自称F-2ストーカーと笑いながら、実用配備された基地にまで顔を出すようになった彼女とは、自然と顔馴染みになり親しく話すようになっていた。大学に進学したと聞いて、整備員になる夢は諦めたのかと思っていたら、そのうち必要になるかもしれないでしょうからと言って、工学部で宇宙航空学なるものを学び、自衛隊に入隊してきやがったのだ。

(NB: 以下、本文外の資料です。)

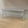 Sleek Shield Food Shield, multi-use (self-service or cafeteria style) (Patent Pending), 132″W x 12″D x 18″H, with stainless steel top shelf, 3/8″ thick heat tempered glass front & 1/4″ thick side panels (side panels 18″ deep to meet NSF requirements), equipped with Chamber Lock technology fixed to upright legs, allowing rotation in 15 degree intervals, includes: (2) additional center support legs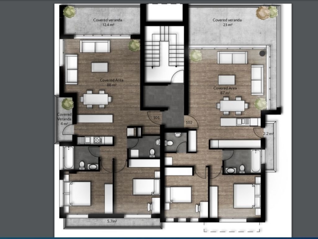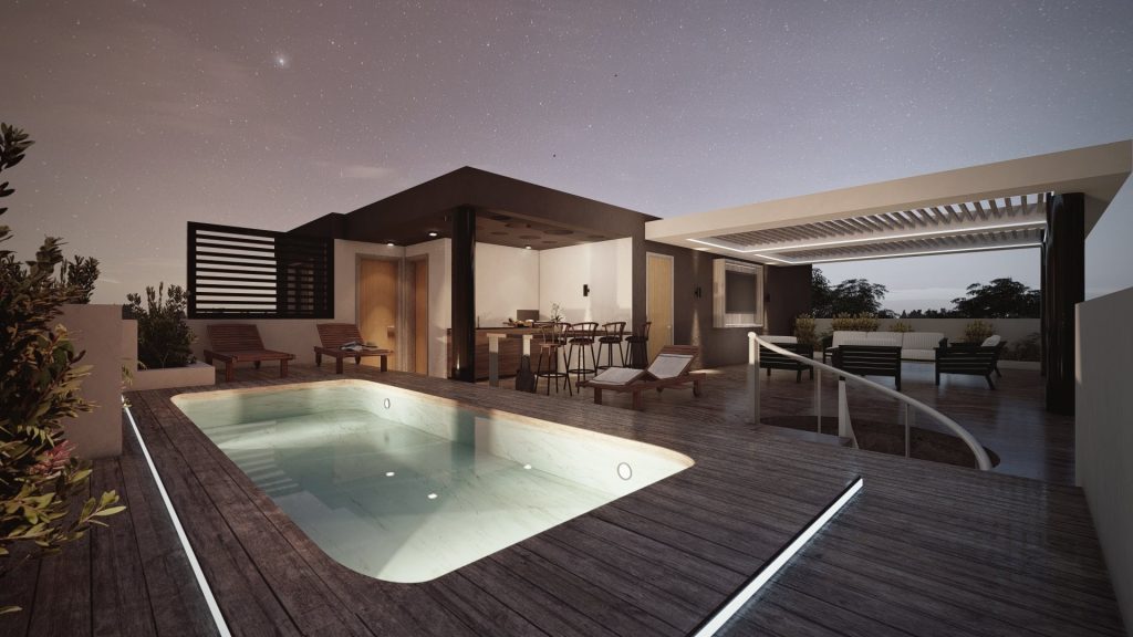 The project has four two-bedroom apartments on the first and second floors and a four-bedroom penthouse on the third floor with a private garden and swimming pool. The Motivo apartment house is located in a quiet area, but at the same time in the city center.

まったく恐れ入る。彼女のF-2、さらには戦闘機に対する思いを完全に舐めていた。
「好きなだけいじられてやるから、頑張って覚えろよ」
「わかってます! ところでいい加減に頭を撫でまわすのやめてください。注目されて物凄く恥ずかしいです」
「おお、すまんすまん。おい、皆、俺の愛弟子だ。よろしく頼むぞ」
そう言って、俺が率いる整備班の連中に紹介をする。おっと忘れるところだった。
「そうだ、姫。あのF-2に搭乗しているパイロットの一人を紹介しよう」
ヘルメットを抱えて出てきた社の姿に気がついて、ヤツを手招きすると藤崎に紹介した。
「社一尉だ。他の面子もおいおい紹介してやるからな」
「藤崎です、よろしくお願いします!」
「こちらこそ。社です」
敬礼ではなく握手をしている二人を眺めながら、社の武勇伝を思い出して少しばかり心配になった。まさか社のやつ、俺の部下に変な気を起こしたりしないよな?
「もう! 社さんはエロすぎて笑えません!」
「男が性欲を持たなくなったらおしまいだろ」
「年寄りの冷や水って言葉がある通り、ある程度の年齢になったらおとなしくなるものですよ! ギックリ腰になっても知りませんからね!」
「看病してくれるんじゃないのか」
「布団の周りで踊ってあげます」
「まったく最近、生意気だぞ、姫のくせに」
「だからそれ、なんの根拠なんですか!!」
今日も元気な二人の言い合いが滑走路中に響き渡っている。
変な気を起こすんじゃ?と心配していたが、俺が考えていた事態とは少しばかり違っていた。数々の武勇伝持ちの社の方が、先に陥落したのだ。そして俺がけしかけたのもあってか、いつの間にか二人は親しい関係になっていた。しかも社が完全に藤崎に振り回されている状態だ。
「まあ何と言うか……首に鈴をつけられちまったってやつか……?」
「榎本さん、聞いてくださいよ!! 社さんたらですね」
「どうしてそこで、上官を話に引き込むんだ、お前ってやつは!」
いやはや、大変な二人を引き合わせちまったかもな、俺。